On NLB, censorship and what educating your kids should mean

Okay so one of the hottest topics on local social media right now is regarding the removal of 2 books, And Tango Makes Three, and The White Swan Expess from the National Library Board.


And Tango Makes Three is about two male penguins that adopted a penguin chick on the brink of death and brought it up in a happy family, while The White Swan Express features a family of all backgrounds and sexual orientations (and includes a lesbian couple and single mother as two of its members). A member of the public wrote to NLB stating concerns that the presence of these books promotes unconventional family structures and threatened the conventional nucleus family (1 man, 1 woman, and kids that are biologically theirs). It also, apparently, goes against the values of Singapore because homosexuality. NLB removes the books from their shelves, then all hell broke loose.
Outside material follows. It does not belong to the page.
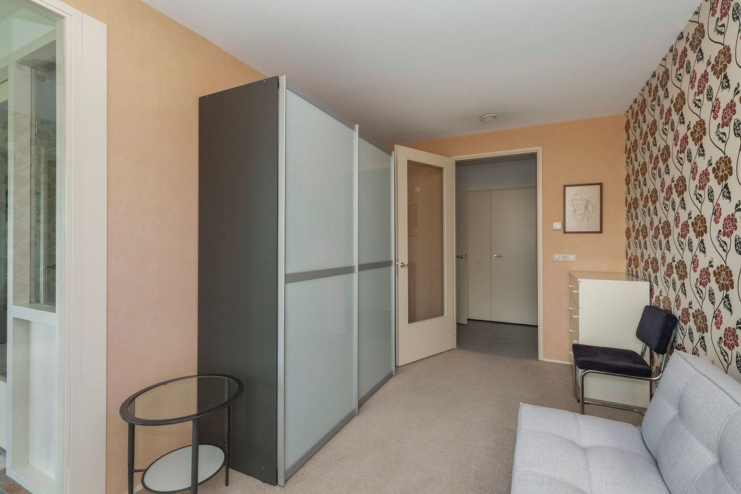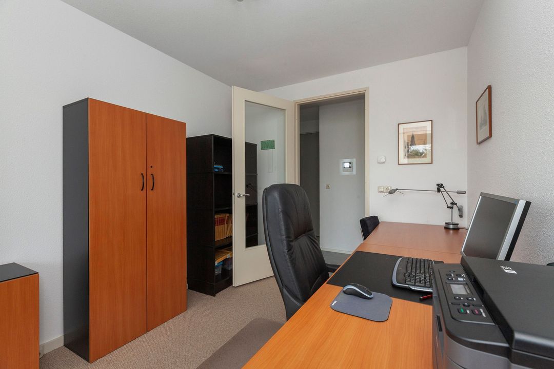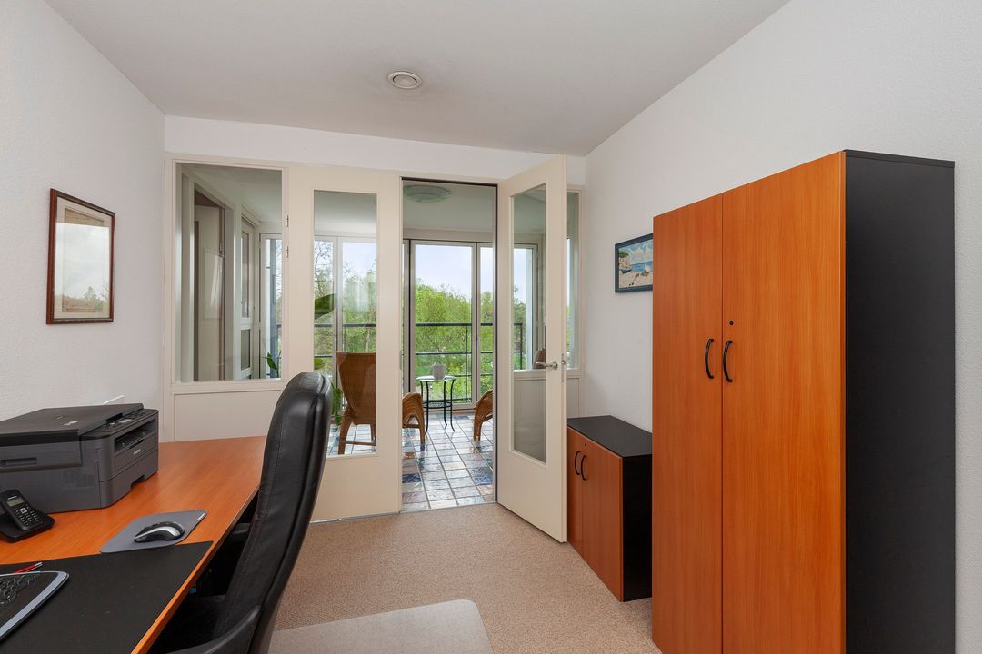 De slaapkamer/werkkamer sluit direct aan op de serrekamer, maar is ook via de hal te bereiken. Deze kamer heeft een afmeting van ca. 3.85 x 2.80m en heeft twee openslaande deuren.

Read the backlash in the form of online comments here and here. I took part in this hell party too. YAY, my first party since I started college! :)

Online petitions have also sprung up from the pro-LGBT rights community (I say pro-LGBT rights because not all of us are LGBT), urging NLB to reconsider its decision to remove such books. If you are passionate about this issue I would encourage you to sign (or just read) the petitions here and here.
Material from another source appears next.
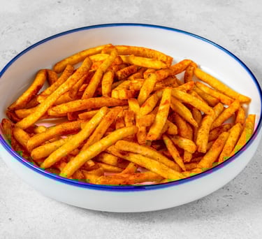 Golden, Yummy, Shoestring fries with a quick toss in Lawrys salt & Indian masala spices!

Now, most people who know me know that I am pro-LGBT rights, but I will not delve into this issue today. I will not be touching on whether gays should be allowed to marry in Singapore or if the anti-Pink Dot movement ought to be silenced. I will also not comment about the role of religion in the LGBT movement. All I will say is, the Christianity I know is one that teaches love and acceptance regardless of your background. How Christians choose to interpret the various texts in the Bible is entirely their business; I will leave the Christian community to cover this themselves. 

I will instead be touching, specifically, on NLB's act of censorship and what this means for us as a society.

Now, should institutions (such as NLB, AWARE etc) be policing the morals of our society?

The recent censorship of words/books/information on NLB's part, in the name of morals, reminds me of 2 similar incidents in our past- AWARE's censorship of rape lyrics in the SAF, and the government's ban on Ashley Madison in Singapore. I was an avid supporter of censorship in both of these cases. So why are these forms of censorship okay, but not the kind of censorship carried out by NLB?

Singing of raping a cheating girlfriend constitutes hate speech and is chargeable in the eyes of the law. It hurts a historically marginalised group (i.e. women). In the second case, with the introduction of Ashley Madison, cheating is made easier. You may argue that a spouse who cheats probably already belongs in a sour marriage anyway, but opening up a channel to cheat allows people to resolve their marriages by taking the easy way out rather than through healthy alternatives (marriage counselling, or even divorce on both parties' terms). Cheating has a REAL impact on families and they hurt the party cheated on as well as the children.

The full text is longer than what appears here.